* _Problem statement_
Word for word, copy the listing below and leave out its images.

* _Recorded data_
^^^^^^^^^^^^^^^^

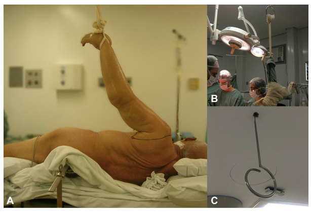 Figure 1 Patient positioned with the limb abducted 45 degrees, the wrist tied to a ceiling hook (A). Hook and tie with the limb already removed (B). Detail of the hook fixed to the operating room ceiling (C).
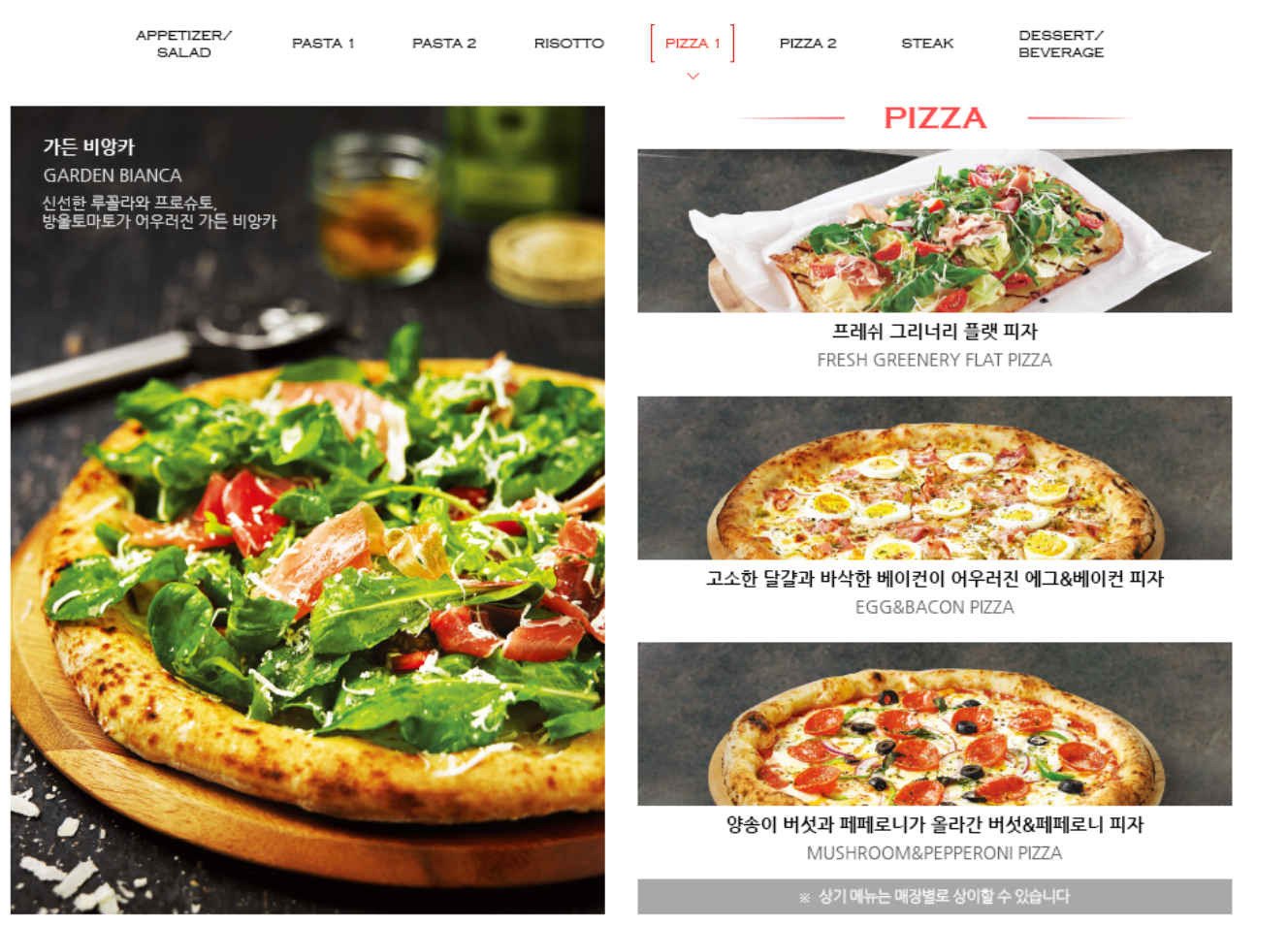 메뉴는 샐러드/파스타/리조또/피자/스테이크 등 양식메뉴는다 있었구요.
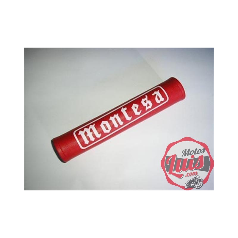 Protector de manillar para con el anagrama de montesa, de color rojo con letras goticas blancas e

^^^^^^^^^^^^^^^^

* _Answer section_
 Figure 1 Patient positioned with the limb abducted 45 degrees, the wrist tied to a ceiling hook (A). Hook and tie with the limb already removed (B). Detail of the hook fixed to the operating room ceiling (C).
 메뉴는 샐러드/파스타/리조또/피자/스테이크 등 양식메뉴는다 있었구요.
 Protector de manillar para con el anagrama de montesa, de color rojo con letras goticas blancas e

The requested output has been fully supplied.